(Dataset entries)
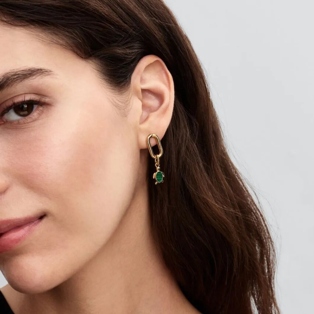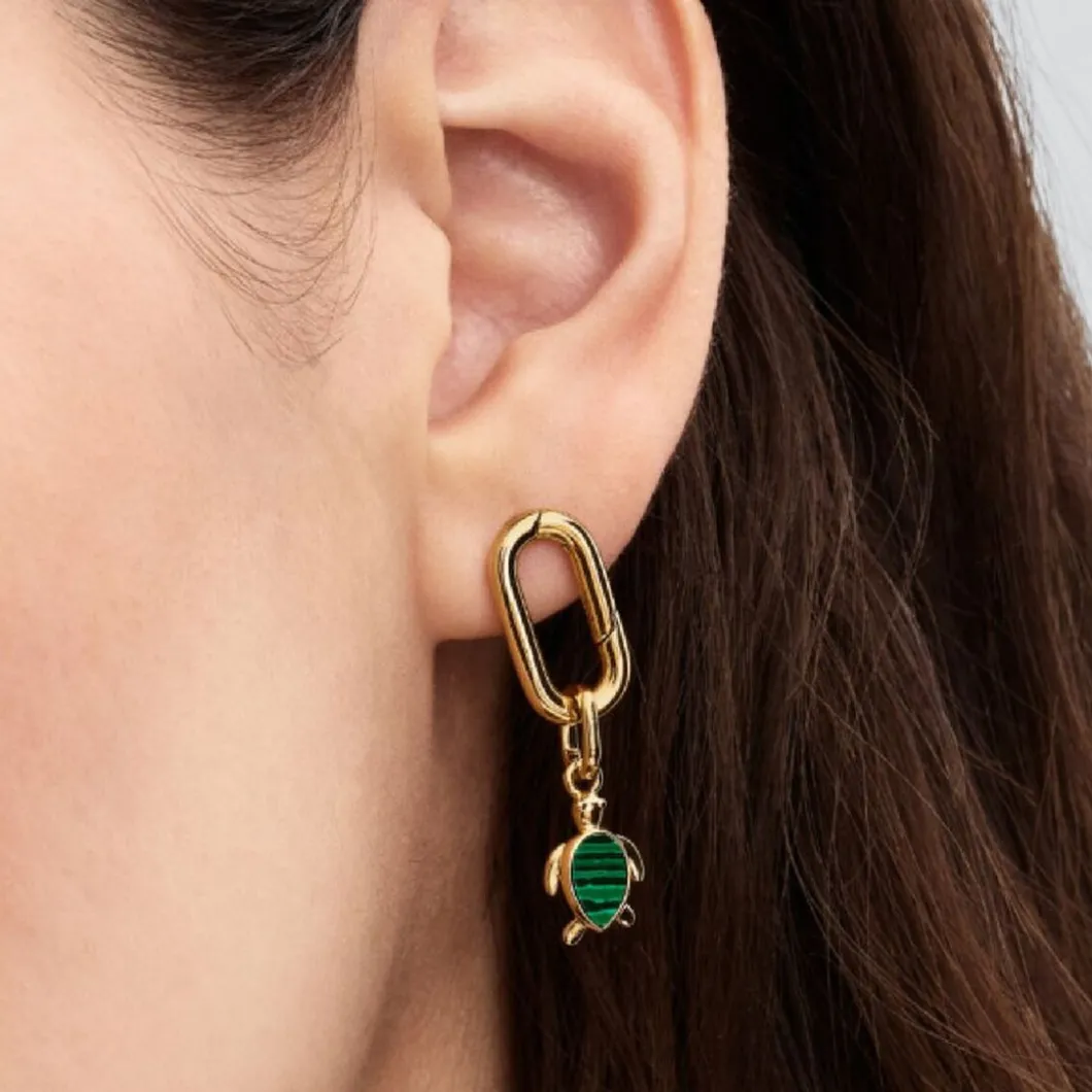 Ce Pandora Mini Dangle Tortue Verte 763823C01 appartient à la catégorie Charms et perles. Il fait partie de la collection Pandora Me, spécialement conçue pour les femmes. Sa couleur Verte évoque la nature et la tranquillité. La matière utilisée est un métal précieux doré à l’or fin 585/1000, lui conférant une brillance et une élégance sans pareil. Un détail qui le distingue est son design unique de petite tortue, ajoutant une touche de grâce et de finesse. Elle est enchâssée d’une pierre de malachite, qui reste la pièce maîtresse de ce bijou, rendant chaque pièce unique. Cette tortue verte est un charm élégant et sophistiqué, idéal pour ajouter une touche personnelle à votre collection de bijoux.
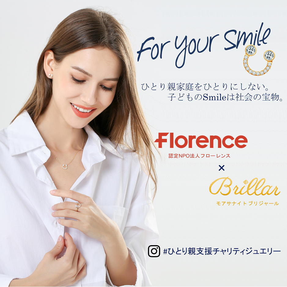 親子の笑顔をさまたげる社会問題の解決をめざす認定NPO法人フローレンスと、人工宝石“モアサナイト”を用いたジュエリーブランド「Brillar(ブリジャール)」を展開する株式会社Brillarとのコラボレーションによるチャリティージュエリーを、国際子どもの日である2019年6月1日(土)より発売開始いたします。
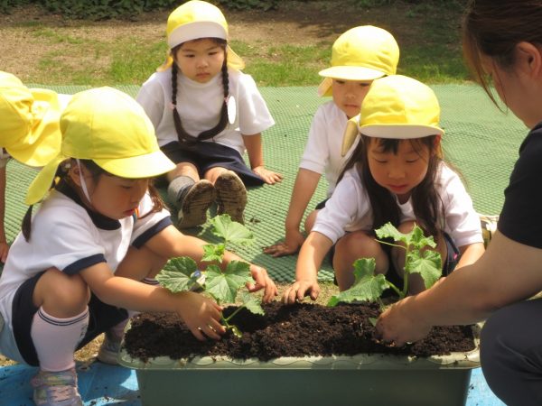 <小桜組> きゅうりを植えたよ。プランターの土に穴をあけて、苗を入れて、土をかぶせて、お水をあげました。美味しいきゅうりができますように💕
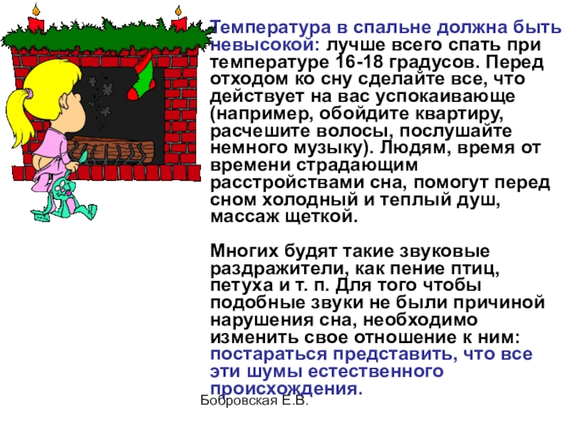 температуре 16-18 градусов. Перед отходом ко сну сделайте все, что действует на вас успокаивающе (например, обойдите квартиру, расчешите волосы, послушайте немного музыку). Людям, время от времени страдающим расстройствами сна, помогут перед сном холодный и теплый душ, массаж щеткой.
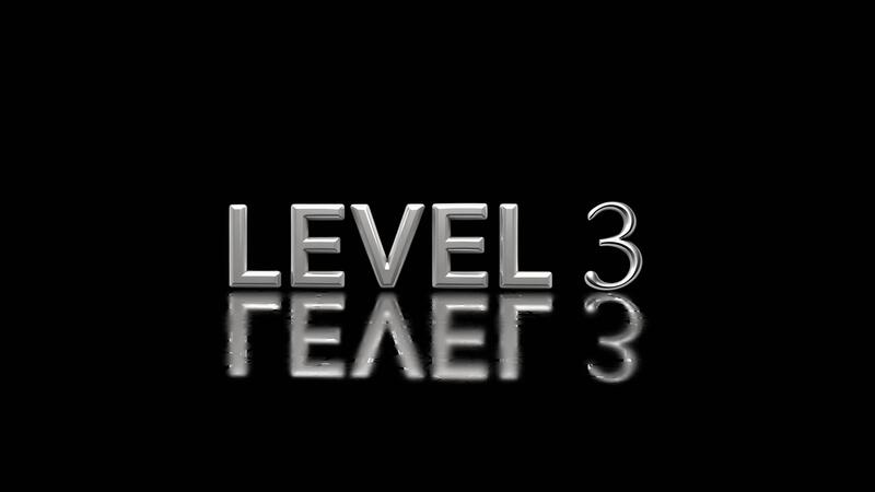 Level 3 Game Intro Metallic Text Animation with Reflection on Black Background Free Video

■ Prompt:
Drop the images; return the entries above exactly as they appear.

■ Written reply:
 Ce Pandora Mini Dangle Tortue Verte 763823C01 appartient à la catégorie Charms et perles. Il fait partie de la collection Pandora Me, spécialement conçue pour les femmes. Sa couleur Verte évoque la nature et la tranquillité. La matière utilisée est un métal précieux doré à l’or fin 585/1000, lui conférant une brillance et une élégance sans pareil. Un détail qui le distingue est son design unique de petite tortue, ajoutant une touche de grâce et de finesse. Elle est enchâssée d’une pierre de malachite, qui reste la pièce maîtresse de ce bijou, rendant chaque pièce unique. Cette tortue verte est un charm élégant et sophistiqué, idéal pour ajouter une touche personnelle à votre collection de bijoux.
 親子の笑顔をさまたげる社会問題の解決をめざす認定NPO法人フローレンスと、人工宝石“モアサナイト”を用いたジュエリーブランド「Brillar(ブリジャール)」を展開する株式会社Brillarとのコラボレーションによるチャリティージュエリーを、国際子どもの日である2019年6月1日(土)より発売開始いたします。
 <小桜組> きゅうりを植えたよ。プランターの土に穴をあけて、苗を入れて、土をかぶせて、お水をあげました。美味しいきゅうりができますように💕
 температуре 16-18 градусов. Перед отходом ко сну сделайте все, что действует на вас успокаивающе (например, обойдите квартиру, расчешите волосы, послушайте немного музыку). Людям, время от времени страдающим расстройствами сна, помогут перед сном холодный и теплый душ, массаж щеткой.
 Level 3 Game Intro Metallic Text Animation with Reflection on Black Background Free Video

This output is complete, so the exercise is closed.